So a small update: As I'd indicated before my headaches had increased especially in the morning and when I contacted my neurology nurse she recommended I start taking magnesium, I also contacted my oncology nurse and she was intrigued by the idea especially since magnesium also decreases platelet counts so I started with 250mg. My headaches did decrease intensity however they were still there, my neurology nurse suggested I take 500mg originally but I started at 250 for two weeks. A week ago I increased to 500mg and not only have my morning headaches decreased I'm also sleeping better. My oncology nurse ordered more bloodwork to check my platelets after a few weeks of being on magnesium and I'll be getting the bloodwork done in about a month (due to the initial start at 250mg and then increasing to 500mg).
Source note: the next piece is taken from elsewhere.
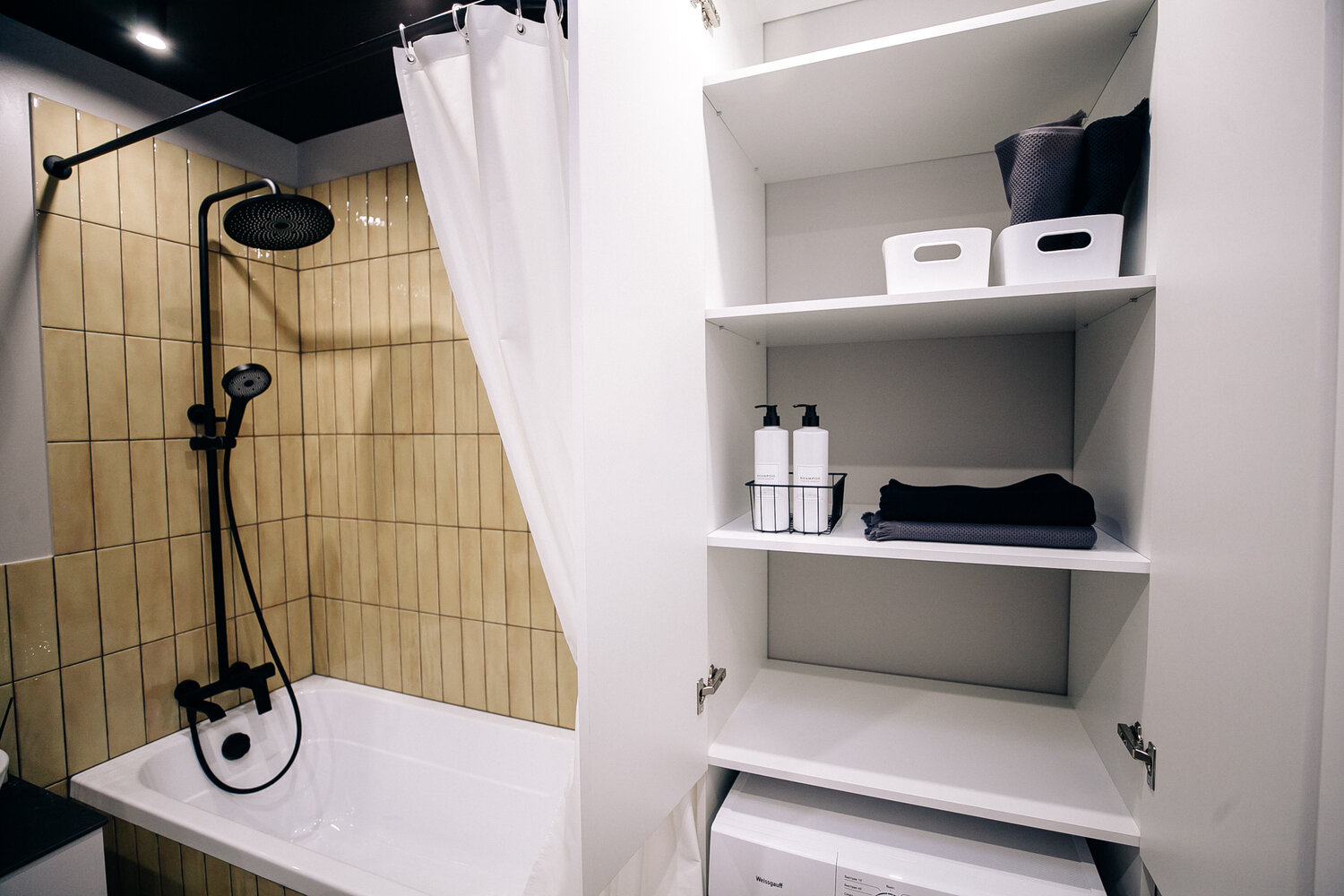 Нестандартное решение — черный потолок. Он придает помещению оригинальность и изюминку.

I see a lot of you on the hydroxyurea even though you're under 60 years of age and even under 50 with platelets at 600k, my hematology oncologist (the first one and now the second) did not want me to go on hydroxyurea due to my age, at 57 they both said I was "too young". My last platelets were in the 700k.
I'm hoping the magnesium is helping lower my platelets and for now I am feeling really good especially first thing in the morning with a decrease in headaches. My BP is still high which still blows my mind as I've never had a problem with my blood pressure until the last years when I started having issues with my parathyroid, etc.
(Now if I could get rid of my annoying static tinnitus!!)
Hoping 2026 brings us all better health!!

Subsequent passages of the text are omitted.